There are many noise sources of hybrid electric vehicles, and the abnormal torsional vibration of the multi-stage gear transmission mechanism is an important noise source. Since hybrid vehicles adopt a dual-mode driving mode of pure electric drive and hybrid drive, the torsional vibration characteristics of the gear transmission mechanism are more complicated than those of ordinary automobiles. When there is excitation of input torque at the engine end and the drive motor end, the problem of abnormal forced torsional vibration will occur in the multi-stage gear transmission mechanism. When the interference frequency of the external excitation is equal to any natural frequency of the system, the transmission power flow transmission system will have strong forced torsional resonance, and the load on the corresponding components will increase significantly, which will seriously damage the components of the transmission system. And cause torsional vibration and discomfort. Therefore, it is very important to study the influencing factors and elimination methods of torsional vibration.
Some studies have analyzed the vibration problem of the vehicle power system.
Yang Yuan et al. used the method of individual sound power and spectrum analysis to identify the meshing noise generated by the transmission gear as the main reason for the noise of the electric drive powertrain system.

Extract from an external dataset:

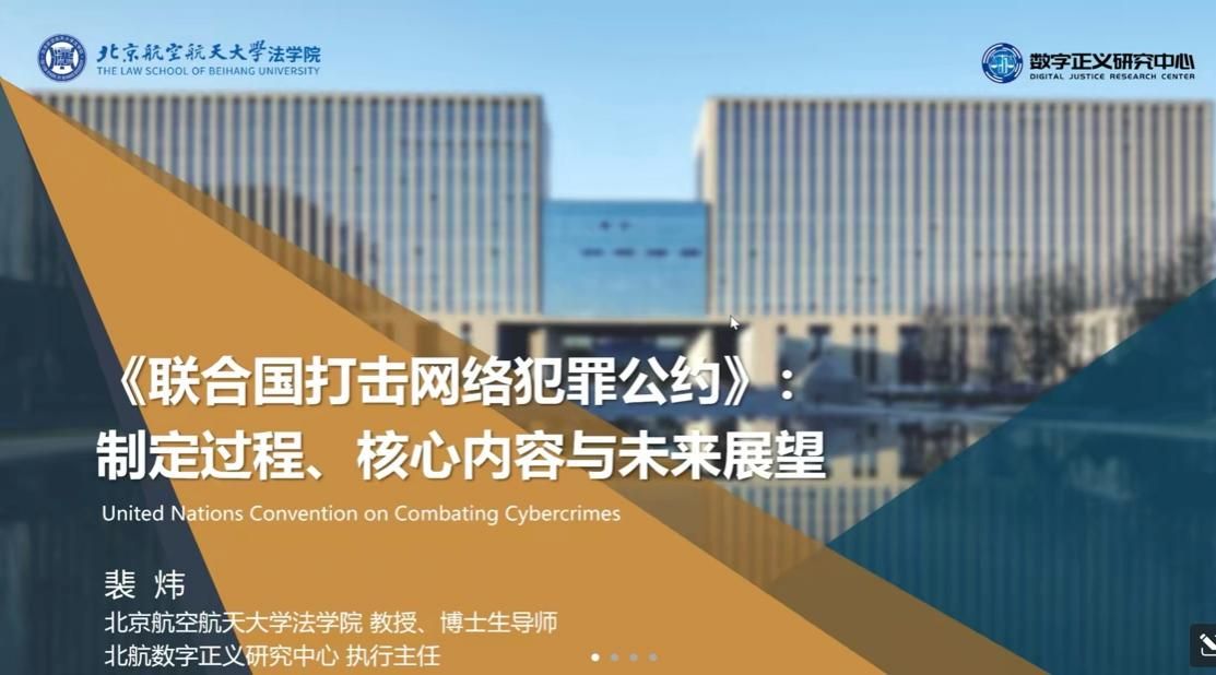 新闻网讯(学生通讯员 王佳忆)6月26日晚7时,第一期中南刑事司法大讲堂——“《联合国打击网络犯罪公约》(以下简称“公约”):制定过程、核心内容与未来展望”主题学术讲座于线上顺利举办。本次讲座特邀北京航空航天大学法学院教授、博士生导师裴炜担任主讲人。

Chang et al. used the experimental method to verify the engine torque fluctuation as the excitation source of the powertrain, and proved that the excitation generated by the engine torque fluctuation is one of the main excitation sources of the torsional vibration of the powertrain.
Yue et al. analyzed the dynamic characteristics of the hybrid power system and studied the vibration characteristics of the system. According to the above research, the engine or electric motor is an important source of excitation for the torsional vibration of the transmission system. In order to reduce the vibration and noise of the transmission mechanism, relevant measures need to be taken. The use of a damping shock absorber is an effective measure to attenuate torsional vibration. When there is excitation at the power input end of the car, the gear transmission mechanism is one of the main assemblies that produce vibration and noise.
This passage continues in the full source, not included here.